Individuals should want to protect themselves, given the long-term threat to their health. An estimated 7 percent of Americans have been affected by long Covid of varying severity, and a re-infection can still set it off in those who have so far avoided it. The 1918 pandemic also caused neurological and cardiovascular problems lasting decades, and children exposed in utero suffered worse health and higher mortality than their siblings. We can expect the same from the next pandemic.

What should we learn from the past? Every pandemic we have good information about was unique. That makes information itself the most valuable commodity. We must gather it, analyze it, act upon it and communicate it.

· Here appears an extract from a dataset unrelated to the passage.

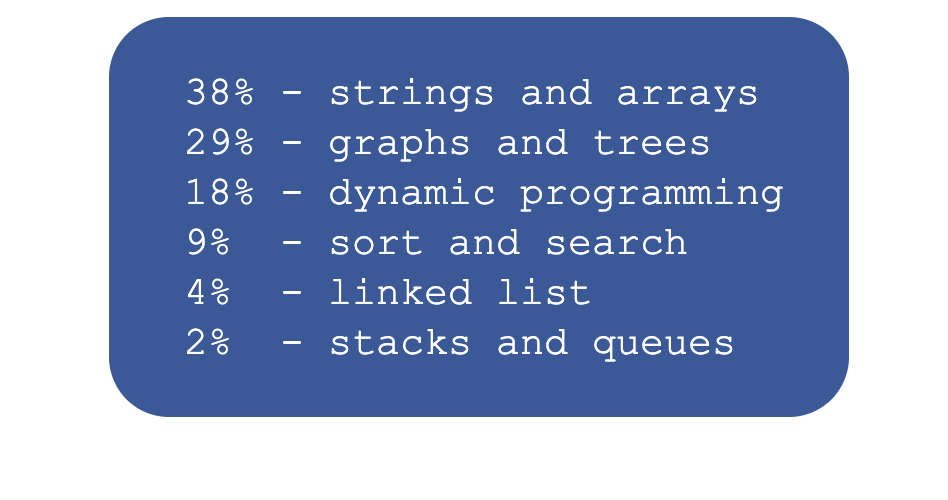 As you can see to the right, Facebook focuses mostly on arrays and strings. These are essential skills to master.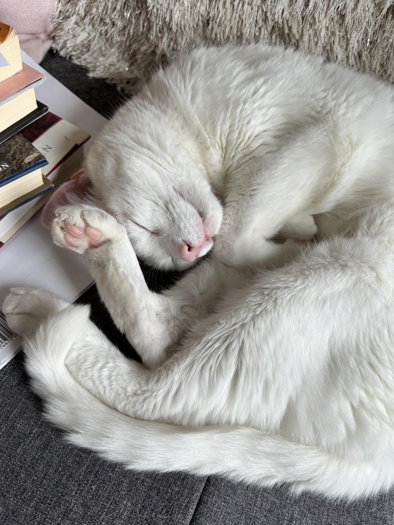 Vino is an all white male cat. He’s very friendly but tends to get freaked out when he escapes outside.

Epidemiological information can answer the biggest question: whether to deploy society-wide public health interventions at all. But the epidemiology of the virus is hardly the only information that matters. Before Covid vaccines were available, the single drug that saved the most lives was dexamethasone. Health officials in Britain discovered its effectiveness because the country has a shared data system that enabled them to analyze the efficacy of treatments being tried around the country. We have no comparable system in the United States. We need one.

Perhaps most important, government officials and health care experts must communicate to the public effectively. The United States failed dismally at this. There was no organized effort to counter social media disinformation, and experts damaged their own credibility by reversing their advice several times. They could have avoided these self-inflicted wounds by setting public expectations properly. The public should have been told that scientists had never seen this virus before, that they were giving their best advice based on their knowledge at the time and that their advice could — and probably would — change as more information came in. Had they done this, they probably would have retained more of the public’s confidence.

Trust matters. A pre-Covid analysis of the pandemic readiness of countries around the world rated the United States first because of its resources. Yet America had the second-worst rate of infections of any high-income country.

A pandemic analysis of 177 countries published in 2022 found that resources did not correlate with infections. Trust in government and fellow citizens did. That’s the lesson we really need to remember for the next time.

John M. Barry, a scholar at the Tulane University School of Public Health and Tropical Medicine, is the author of “The Great Influenza: The Story of the Deadliest Pandemic in History.”